We also need the binomial theorem: for a variable x,

$$ \frac{1}{ (1- t)^{c}} = \sum_{n=0}^{\infty}\binom{c+n-1}{n} t^{n} . $$
(1.4)

For \(0 \leq q <1\), the q-poly-Bernoulli numbers \(B_{n}^{(k)} \) were introduced by Mansour [6] by using the following generating function:

$$ \frac{ \operatorname{Li}_{k, q}(1-e^{-t})}{1-e^{-t}} =\sum_{n=0}^{\infty}{B}_{n,q}^{(k)} \frac{t^{n}}{n!} \quad (k \in\mathbb{Z}), $$
(1.5)

where

$$ \operatorname{Li}_{k, q}(t)=\sum_{n=1}^{\infty}\frac{t^{n}}{[n]_{q}^{k}} $$
(1.6)

is the kth q-poly-logarithm function, and \([n]_{q}=\frac{1-q^{n}}{1-q}\) is the q-integer (cf. [6]).

The q-poly-Euler polynomials \(E_{n,q}^{(k)}(x) \) are defined by the generating function

$$ \frac{ \operatorname{Li}_{k,q}(1-e^{-t})}{e^{t}+1} e^{xt} =\sum_{n=0}^{\infty}{E}_{n,q}^{(k)}(x) \frac{t^{n}}{n!}\quad (k \in\mathbb{Z}). $$
(1.7)

The familiar tangent polynomials \(\mathbf{T}_{n}(x)\) are defined by the generating function [7–9]

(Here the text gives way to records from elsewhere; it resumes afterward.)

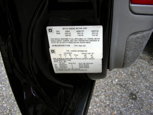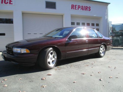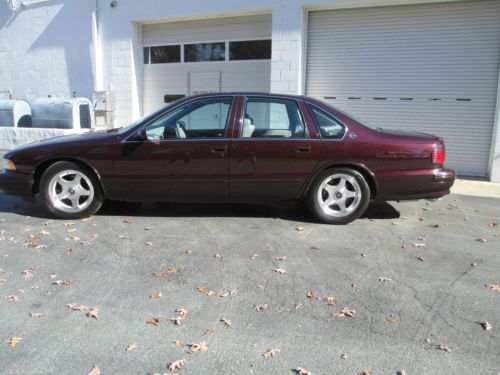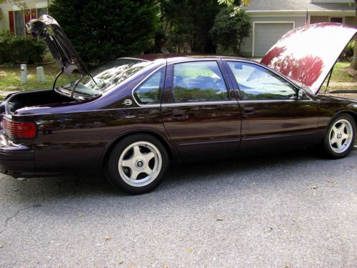 Last of Full Frame Impala SS performance sedans Formerly of Ken Ligenfelter Motor Sports Collection Two Owner Car Chevrolet LT-1 350 V-8, 260hp, 330ft pounds of torque High Capacity reverse flow cooling system FEATURES: BORLA CAT BACK EXHAUST better breathing, less restriction, better performance 3.73 RING & PINION WITH LIMITED SLIP AXLE faster acceleration EIBACH SPRINGS LOWERING KIT stiffer suspension, less "lean" in turns, better handling NITTO PERFORMANCE TIRES low profile, better more responsive handliing HYPERTECH CHIP cripser shift points, engine runs cooler, better performance, quicker acceleration NEW INFINITI HIGH OUTPUT SPEAKERS 300 watts, much better cleaner sound quality ORIGINAL WINDOW STICKER ORIGINAL OWNERS MANUAL CLEAN CARFAX PASSED STRINGENT STATE SAFETY AND EMMISSIONS INSPECTION WELL MAINTAINED IMPALA SS with maintenace records
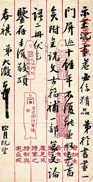 同为清代金石学家的吴大澂,也在自制笺上注入藏品元素,比如他制作的龙节笺,雕印了所藏龙节正背两面拓本。薛冰的书札收藏中也有吴大澂的作品。“吴大澂擅书法,尤以篆书为佳,他给朋友写信也爱用篆书。据传,当时的书法家潘祖荫很欣赏吴的书法,吴给潘写信便格外认真,都用籀文。潘将吴的信一一装裱起来,不到半年已有四大册。潘就跟吴开玩笑说,老弟以后写信可以稍为草率点,不然我都付不起装裱费用了。”
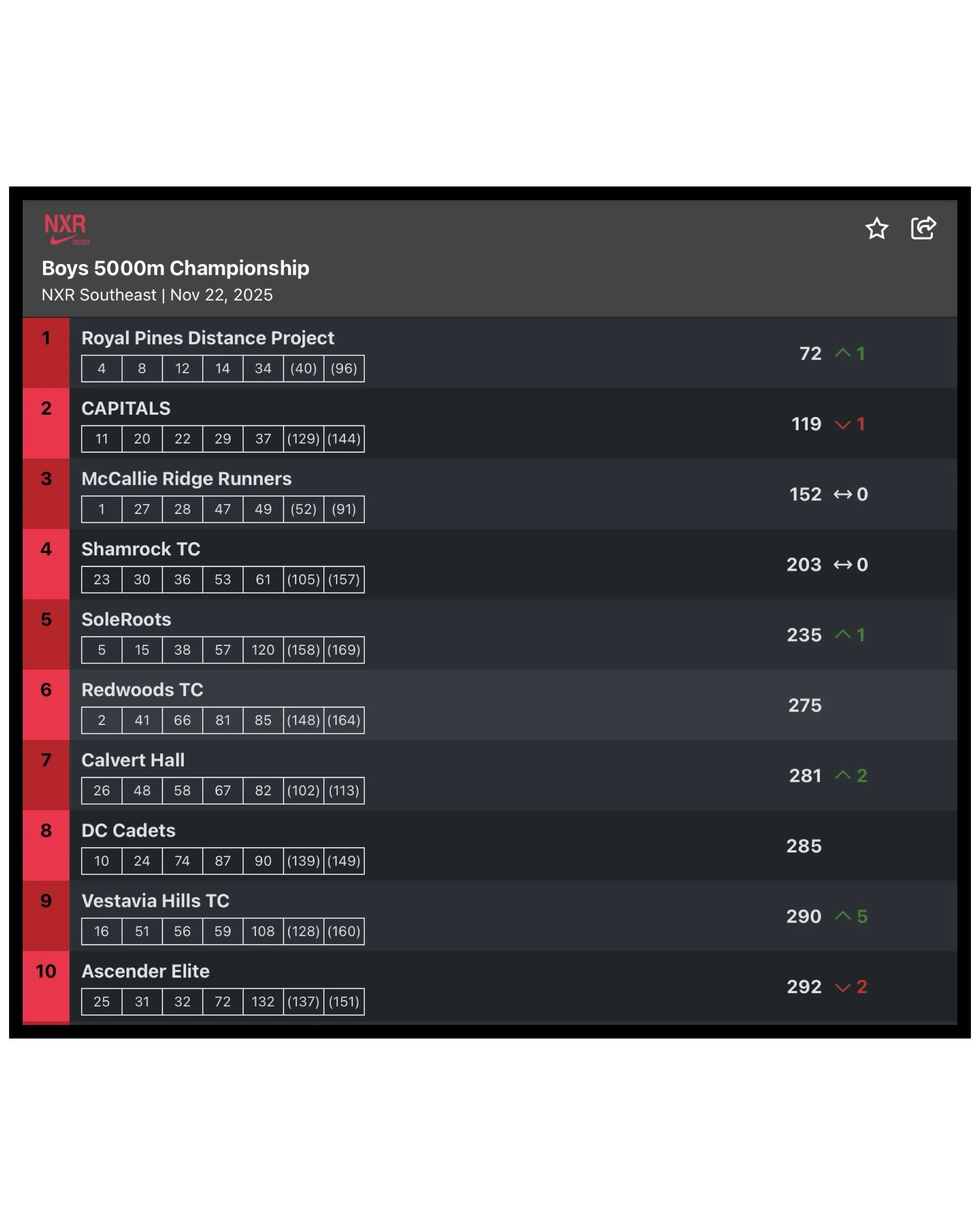 On the team side, Christ School’s Royal Pines Distance Project claimed the boys team championship with 72 points
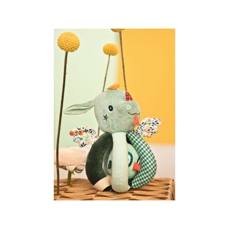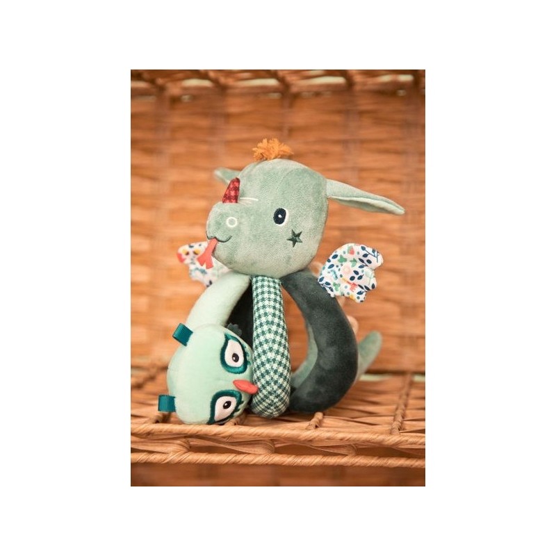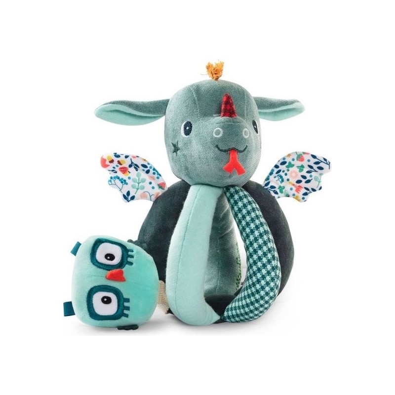 Offrez à votre bébé le hochet Joe le Dragon avec son petit ami le Hibou. Un hochet à poignées de Lilliputiens original, que les petites mains saisissent facilement. Joe le dragon cache un petit hibou.
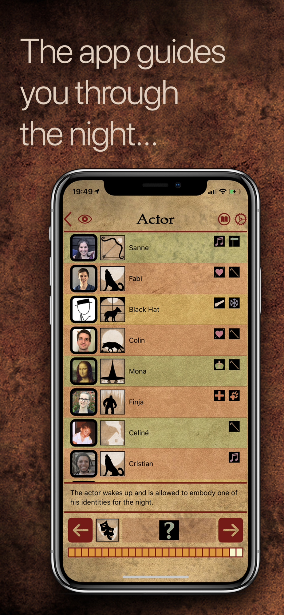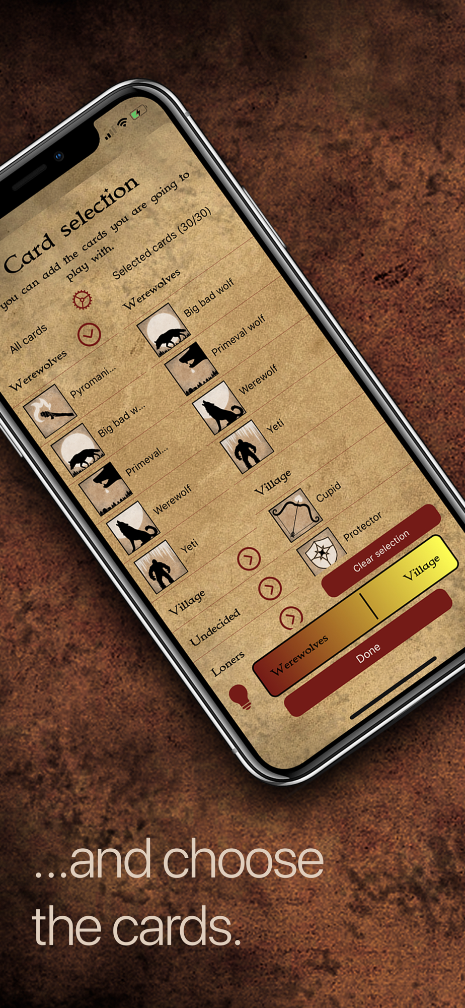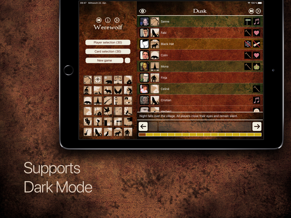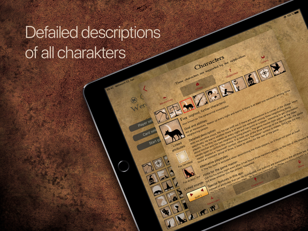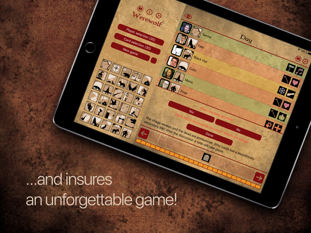 "Werewolf - Narrator" is intended for just that - with a simple tap, characters and attributes can be assigned to the players. Music and sound effects which adapt to the scenes also ensure a unique and new experience playing the game.
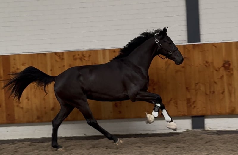 Hochwertiges junges Dressurpferd aus einer guten Mutterlinie und der Schwester des Topvererbers Security (v. Secret). Attraktives, jugendliches Modell mit viel Ausstrahlung. Bewegt sich mit viel Kraft und Technik, besitzt eine gute Balance und viel Losgelassenheit. Drei hervorragende Gänge. Gerade auf den Beinen mit gleichmäßigen Hufen. Kommt direkt aus der Herde und zeigt ein angenehmes Wesen im Umgang. Röntgenologisch zu 100 % in Ordnung.

$$ \biggl( \frac{2}{e^{2t}+ 1} \biggr) e^{x t}=\sum _{n=0}^{\infty}\mathbf {T}_{n}(x) \frac{t^{n}}{n!} \quad \bigl( \vert 2t \vert < \pi\bigr). $$
(1.8)

When \(x=0\), \(\mathbf{T}_{n}(0)= \mathbf{T}_{n}\) are called the tangent numbers. The tangent polynomials \(\mathbf{ T}_{n}^{(r)}(x)\) of order r are defined by

$$ \biggl( \frac{2}{e^{2t}+ 1} \biggr)^{r} e^{x t}=\sum _{n=0}^{\infty}\mathbf{T}_{n}^{(r)} (x) \frac{t^{n}}{n!}\quad \bigl( \vert 2t \vert < \pi\bigr). $$
(1.9)

It is clear that for \(r=1\) we recover the tangent polynomials \(\mathbf{T}_{n}(x)\).

The Bernoulli polynomials \(\mathbf{B}_{n}^{(r)}(x)\) of order r are defined by the following generating function:

$$ \biggl( \frac{t}{e^{t}- 1} \biggr)^{r} e^{x t}=\sum _{n=0}^{\infty}\mathbf {B}_{n}^{(r)} (x) \frac{t^{n}}{n!} \quad \bigl( \vert t \vert < 2 \pi\bigr). $$
(1.10)

The Frobenius-Euler polynomials of order r, denoted by \(\mathbf{H}_{n}^{(r)}(u, x) \), are defined as

$$ \biggl( \frac{1-u}{e^{t} -u } \biggr)^{r}e^{xt}=\sum _{n=0}^{\infty} \mathbf{H}_{n}^{(r)}(u,x) \frac{t^{n}}{n!}. $$
(1.11)

The values at \(x=0\) are called Frobenius-Euler numbers of order r; when \(r=1\), the polynomials or numbers are called ordinary Frobenius-Euler polynomials or numbers.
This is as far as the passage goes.